The Academy of Television Arts & Sciences' board of directors approved a letter of intent for a 15-year lease on a proposed theater in what would be called the LA Live complex, an entertainment, hotel and retail center.
``The chance to take a bigger-than-life awards show and match it with a state-of-the-art theater is the kind of stuff Hollywood dreams are made of,'' academy Chairman Bryce Zabel said Wednesday.
The board agreed Dec. 12 to sign a letter of intent with the business group AEG, which in May 2000 proposed a 43-acre, $1 billion development across from the Staples Center owned and operated by AEG.
AEG, a developer and sports and theater operator, is a wholly owned subsidiary of billionaire Philip Anschutz's Anschutz Corp.

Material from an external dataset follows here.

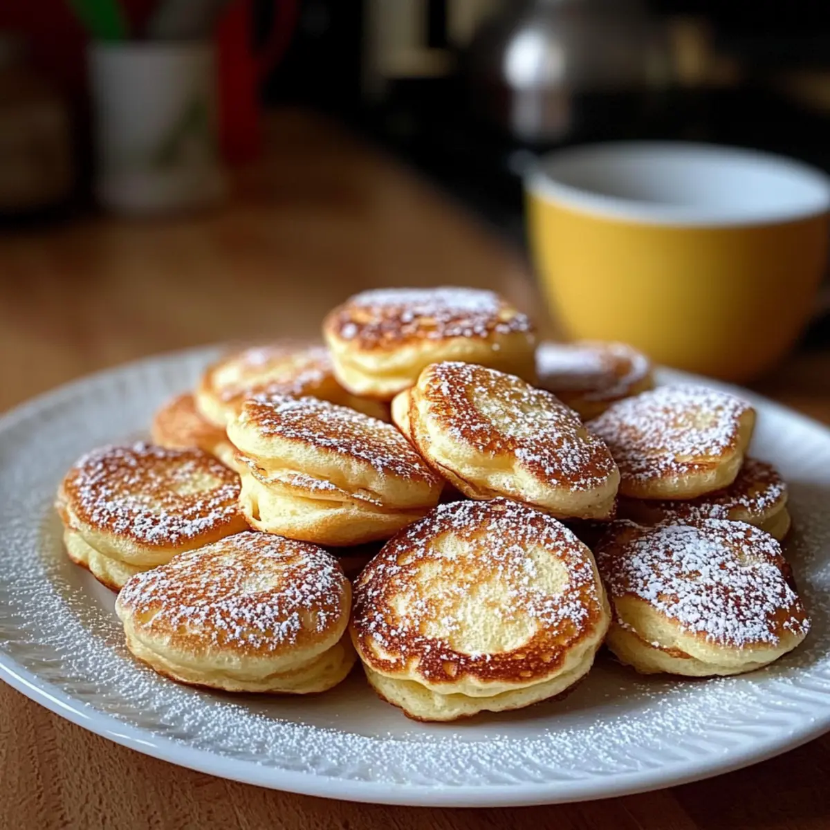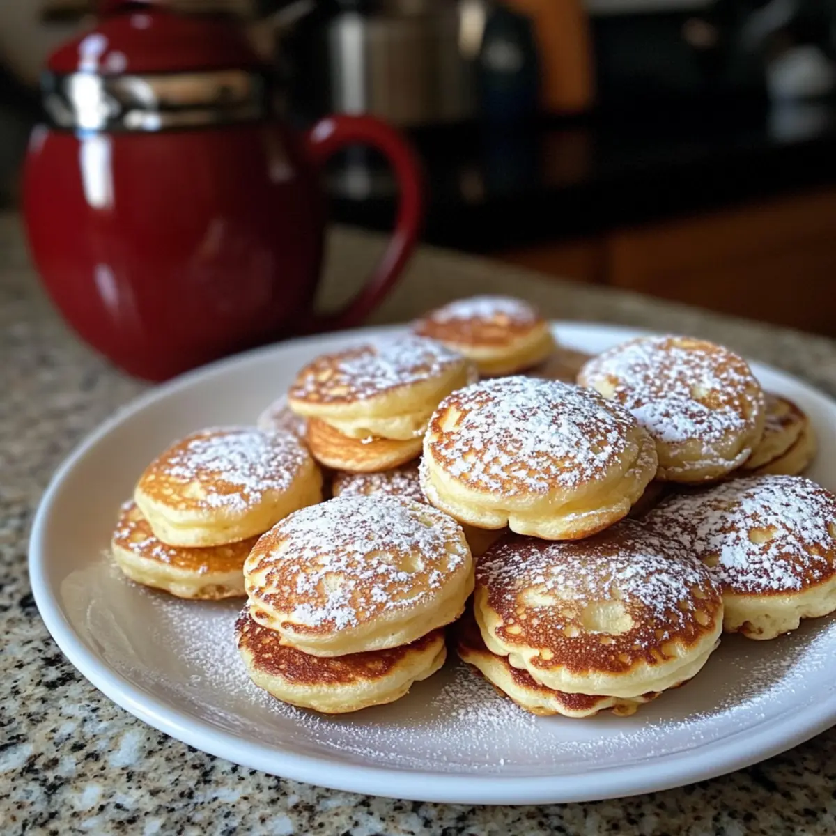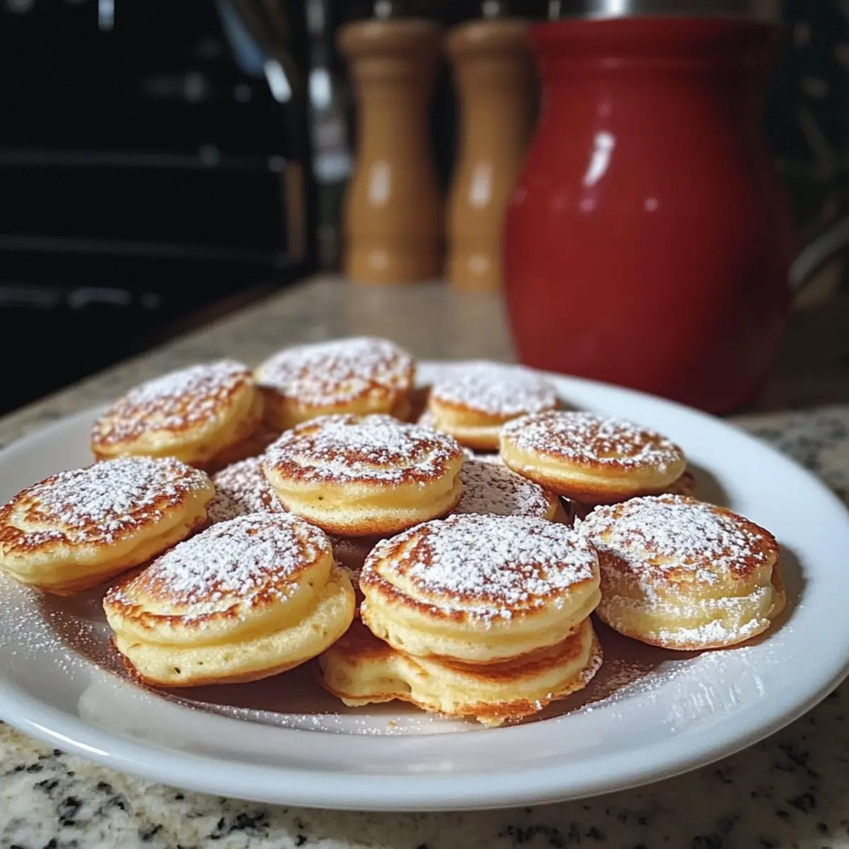 - Serviere die Poffertjes warm, bestäubt mit Puderzucker oder garniert mit Butter und Sirup.

The Emmy Awards would be the anchor tenant for a 200,000-square-foot theater designed to seat between 6,000 to 7,000 people. The awards' current home, the Shrine Auditorium south of downtown, seats about 6,000.
Other major awards ceremonies would be precluded from using the new theater, with the possible exception of the Latin Grammys, the academy said.
It's expected the theater, if built, wouldn't be ready before 2006, Zabel said, adding the lease cost would be equivalent to what the academy is paying now.
The Shrine agreement runs through next year, the awards' 55th, and the academy would expect to keep the show there until the new theater was ready, he said. Zabel praised the facility but said the academy couldn't pass up the chance for a custom-made awards home.
The academy deal with AEG is contingent on construction of a hotel adjacent to the theater that could accommodate the Governors Ball that follows the Emmys, Zabel said.
The city's financial participation in the hotel is critical to its construction and to the entire project, AEG spokesman Michael Roth said Wednesday. Parking lots currently cover much of the land intended for development.
``The city of Los Angeles has approved the zoning and other important elements to develop the site, including the hotel,'' Roth said, but city funding is still under discussion.
A major hotel would help increase business at the nearby Los Angeles Convention Center, Roth said. There are 900 nearby hotel rooms, compared with 10,000 hotel rooms within walking distance of San Francisco's convention center, he said.
``It's an important investment the city needs to make not only for the moving-forward financial success of the Los Angeles Convention Center but the continued revitalization of downtown Los Angeles,'' he said.
The issue is expected to be resolved sometime next year, he said.
City Councilwoman Jan Perry, who represents the area, said the council is working on the issue ``very aggressively'' because of the project's importance to downtown.
City support could be derived from sources related to the project itself, such as parking revenue or new tax revenue, Perry said, and wouldn't be diverted from other city needs.
In March, the Oscars moved to the Kodak Theatre in a newly developed retail-hotel complex in Hollywood. AEG operates but doesn't own the Kodak.
Retail stores in the high-profile complex have struggled, in part because of a slump in international tourism and the struggling economy, but Roth said he didn't see a parallel with the proposed downtown complex.
``They're in two different regions of the city, built for different purposes,'' he said, adding that Kodak theater bookings have been satisfactory.
Zabel said he was confident a new downtown theater would be a boon for the Emmys regardless of the center's retail performance.
The academy has been newly assertive under Zabel. In November, it boosted its revenue after striking an eight-year, $52 million deal with ABC, CBS, Fox and NBC to rotate the Emmy broadcast. HBO had helped serve as a bargaining chip by putting a five-year, $50 million offer for exclusive rights on the table.